ふぁさりと服の脱げる音が響いて、呆然としていた俺は素っ裸の長門に押し倒された。
何かを言おうとした口は長門によってふさがれた。
思ったより熱く滑った舌が俺の口腔内を執拗に舐め回した。
ちらりと横を見ると、サイトもタバサに押し倒されていて借りて来た猫のように静かだった。
まあ仕方ないよな。帰るためだし。
――――――――――――
ルイズはぴちゃぴちゃという猫がミルクを舐めるような音で目覚めた。
あれ?なんでアタシ寝てんの?
混乱する頭に追い討ちをかけるように、衝撃的な光景が目に入った。
タバサが真っ裸でサイトと熱いキスを交わしていたのだ。
隣のキョンを見つめていたハルヒも口をパクパクさせていた。
優越感を見せつけるようにタバサが絡めた舌を引き抜いた。
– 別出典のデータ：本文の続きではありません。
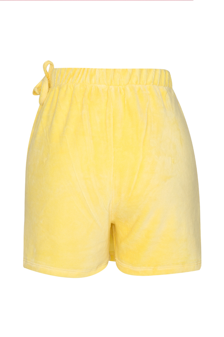 Sarı Yandan Bağlı Yazlık Kadife Mini Şort Etek
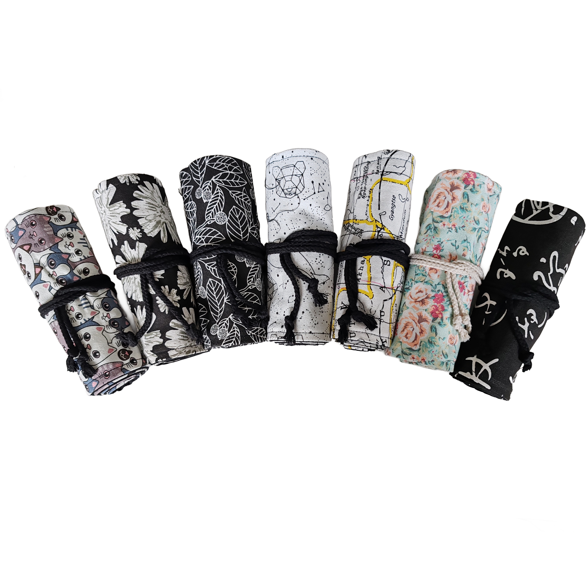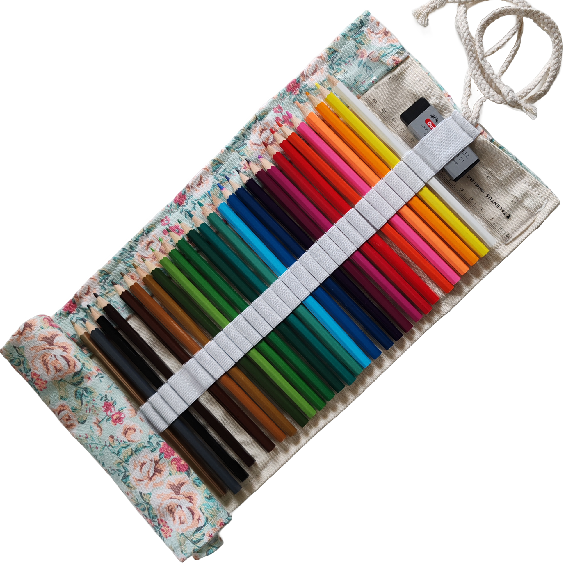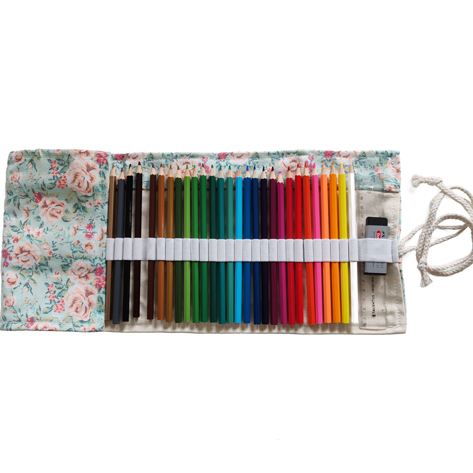 Federmäppchen | Vintage-Blumen-Design | Canvas | 48 Stiftplätze | Einrollbar
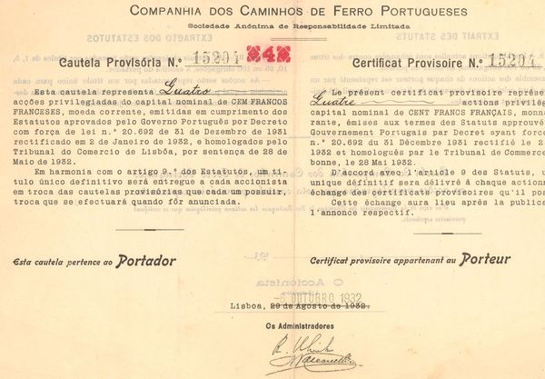 Companhia dos Camihos de Ferro Portugueses (Certif Provisoire)
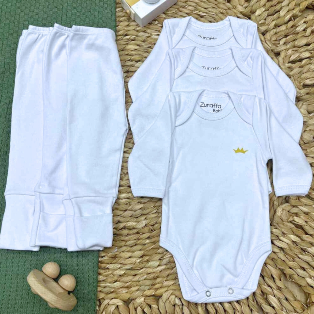 Kit 6 peças Body Manga Longa e Mijão Vira-Pé | Conjunto Body e Mijão para Bebê | RN, P, M e G
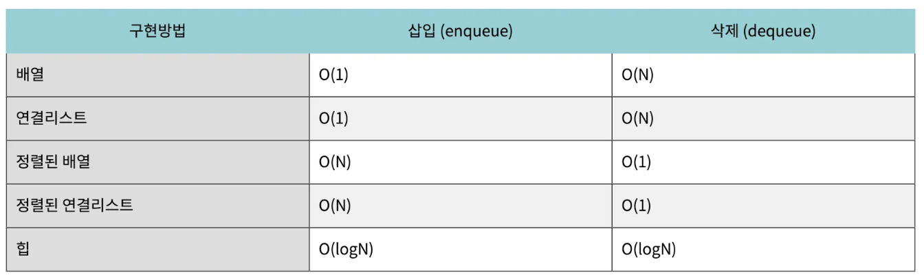 삽입 및 삭제 시 우선순위에 따라 요소들을 정렬해야하기 때문에 주로 힙(Heap) 구조로 구현됨
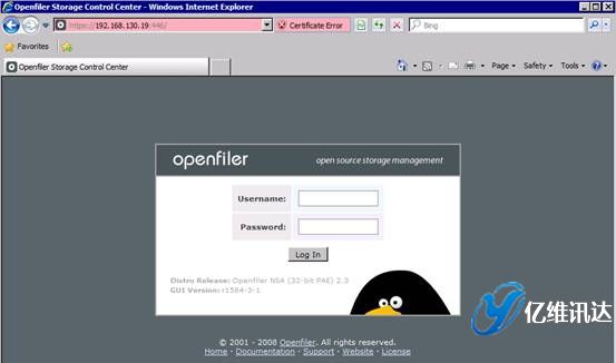 當(dāng) Openfiler 系統(tǒng)安裝并重啟完成后,對(duì)系統(tǒng)所有后續(xù)的配置過(guò)程,都是以 Web 方式配置完成的。這種全部基于 Web 的系統(tǒng)配置方式,使得配置過(guò)程變得更加簡(jiǎn)易,同時(shí)也帶來(lái)了良好的用戶體驗(yàn)。首先打開(kāi)瀏覽器,輸入地址:https://IP:446。注意,此處輸入的 IP 地址為在系統(tǒng)安裝時(shí)所配置的固定 IP 地址。然后使用系統(tǒng)初始默認(rèn)的用戶名和密碼進(jìn)行登陸。用戶名為 openfiler,密碼為 password。系統(tǒng)初始的用戶名和密碼可以在第一次登入系統(tǒng)后進(jìn)行重新設(shè)置。如圖所示。
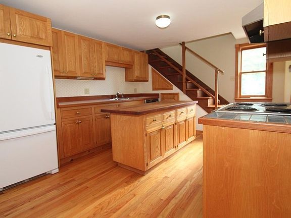There is so much to love about this home, from the stonewalls that grace its grounds to the kitchen island to gather around. A short stroll to the town library, this property has been consistently updated to create a cozy and comfortable home that will surprise you once inside. The main floor has a loft like feel, with the kitchen, dining and living room all flowing into one another. The living room opens onto the deck, and near this door there is a built-in wood rack to supply the large wood-stove that keeps this space warm and cozy when the weather turns cold. There is also a full bathroom with laundry off the living room. Upstairs you'll find a large master bedroom with walk-in closet and two more bedrooms. The upstairs bathroom was tastefully renovated and features a lovely tiled shower and radiant floor heating. The walkout basement offers good storage and would be perfect for a wood shop. With so much to offer, you'd be hard pressed to find a finer home at this price.
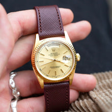 Named after the eponymous village in Bordeaux, inspired by the ruby red wines of the historic region, our St. Émilion Saffiano strap is truly an inspired colour and a strap for the connoisseur. Tasteful and elegant come to mind when it's paired with your favourite Reverso or a complicated Patek. All straps taper to 16mm at the buckle except for the 22mm strap that tapers to 18mm.
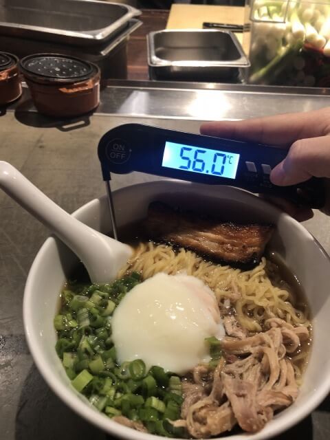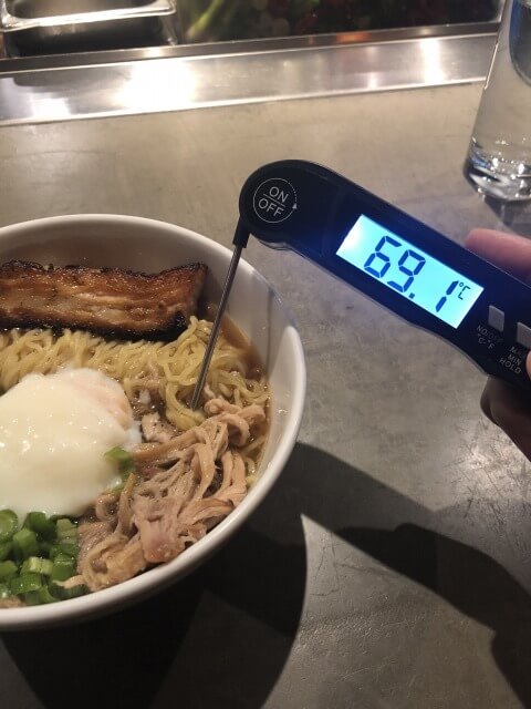 なぜ温度を測るかというと、米国(ラスベガス)のラーメンはスープがヌルいと言われています。
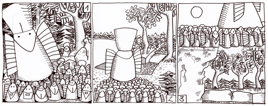 (167 / 281) Hier könnt Ihr zum ersten Mal sehen, liebe Kinder, wie die himmlischen Heerscharen The Pubst transportieren. Sie nähern sich der Paradies-Kante. Dort betreten sie den Luftweg. Im Gegensatz zum schwebenden Wald, auf dem alle noch schlafen, brennt hier die Sonne vom Himmel herab. Der Pubst braucht einen Baldachin. Das war doch auch Euer Gedanke?! Und noch eins wollt Ihr sicher wissen. Wie schwer ist der Pubst eigentlich? Reichen die Engel, um ihn zu tragen? |
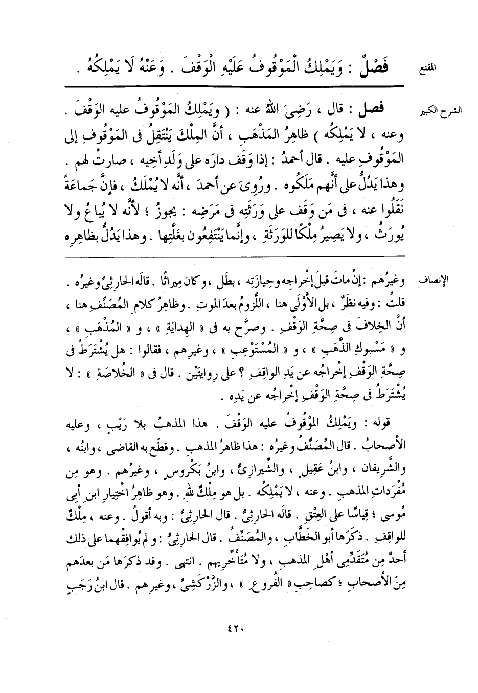 قوله: ويَمْلِكُ الموْقُوفُ عليه الوَقْف. هذا المذهبُ بلا رَيب، وعليه الأصحابُ. قال المُصَنِّفُ وغيرُه: هذا ظاهرُ المذهبِ. وقطَع به القاضي، وابنُه، والشَّرِيفان، وابنُ عَقِيل، والشِّيرازِيُّ، وابنُ بَكْروس، وغيرُهم. وهو مِن مُفْرَداتِ المذهبِ. وعنه، لا يَمْلِكُه. بل هو مِلْكٌ لله. وهو ظاهِرُ اخْتِيارِ ابنِ أبِي مُوسى؛ قِياسًا على العِتْقِ. قاله الحارِثِيُّ. قال الحارِثِيُّ: وبه أقولُ. وعنه، مِلْكٌ للواقِف. ذكَرَها أبو الخَطَّابِ، والمُصَنِّفُ. قال الحارِثِيُّ: ولم يُوافِقْهما على ذلك أحد مِن مُتَقَدِّمِي أهْلِ المذهبِ، ولا مُتَأخرِيهم. انتهى. وقد ذكرَها مَن بعدَهم مِنَ الأصحابِ؛ كصاحِبِ «الفُروعِ»، والزَّرْكَشي، وغيرِهم. قال ابنُ رَجَب

透明なアーチがかかり、それが切れる前に再びくちゅくちゅとその行為に没頭を始めた。
長門も凄まじい学習能力を発揮しキョンを刺激する。
どうしたらいいのかも分からず、サイトとキョンはなすがままにされていた。
――――――――――――
この二人の背景に文字をつけるとしたら新しい言葉を見つけねばならんと思う。
どごごごごなんて生温い。もし、音が出たら鼓膜なんていとも簡単に破られるだろうな。
 
まあ、ルイズは分るとしてハルヒが怒る理由なんてこれっぽっちも分らないが。
そう思いながら、俺は長門の舌によって歯茎をねぶられていた。
まず最初に行動を起こしたのはルイズだった。ふらりと幽霊のように立ち上がって何か呪詛か呪文かを口走っている。
ハルヒはと言えば何故かやたらと大きな目から涙を流していた。
なんだよ。なんか悪いことしてるみたいじゃねえか。いや、悪いことなんだろうか。
長門の責めは止まらずに危うく窒息しかけた頭で考えても結局分らない。
長門が言ったセリフはこうだった。
ルイズとハルヒの爆発を同時に起こさせる。
その為になんでこんなことになるかって?
「エネルギーを高めるため」
まあ、そう言って二人は打ち合わせたように脱ぎ出したんだがね。
その時間は永遠に続いたように思えた。
こう書けば説得力もあろうが、実を言うと酸欠であんまり覚えてない。
だってキスの時は呼吸をしないなんて谷口の馬鹿が俺に吹き込んだからだ。
戻ったらとりあえず嫌味の一つでも言わねば。
おっ、そろそろか。
ルイズの肩は有史以来最高の震度のようにで揺れているし、ハルヒは涙を流したまま立ち上がった。
「全部、消えろ!!!!」
いくつ感嘆符をいくつつけてもなお足りないような大声でルイズとハルヒはハモり、世界が真っ白になった。
気付くと俺は見慣れた文芸部の部室に倒れていた。
戻ってこれたのか。
横ではハルヒが涙の筋をいくつも残して眠っていた。
この時初めて、ほんとなんでか分らないけどある感情が沸き起こった。
それが何かって?笑うなよ。罪悪感だ。
なんかとてつもなく悪いことをした気分になった。
良心の呵責って奴だろう。
あとでジュースくらいおごってやろう。
長門はこちらをじっと見ていたのに気付いてちょっとばかり気まずくなった。
さっきまで合わせていた唇の感触が生々しく残っている。
そういえば、あいつらあの本のキャラクターなんだよな。
なんとかの使い魔だっけ?
あれはハルヒが作り出した虚構なのか。
「…………」
長門は何も答えなかった。
あいつら消えたのか。
やっと分かり合えそうな奴を見つけたってのにな。
長門が大事そうに抱えていた本を見て俺はそれが嘘だってことに気付いた。
そこにはミミズがのたくったような文字がある。
なんとかの使い魔か。
俺がその本を買いにいったのは言うまでもないだろう。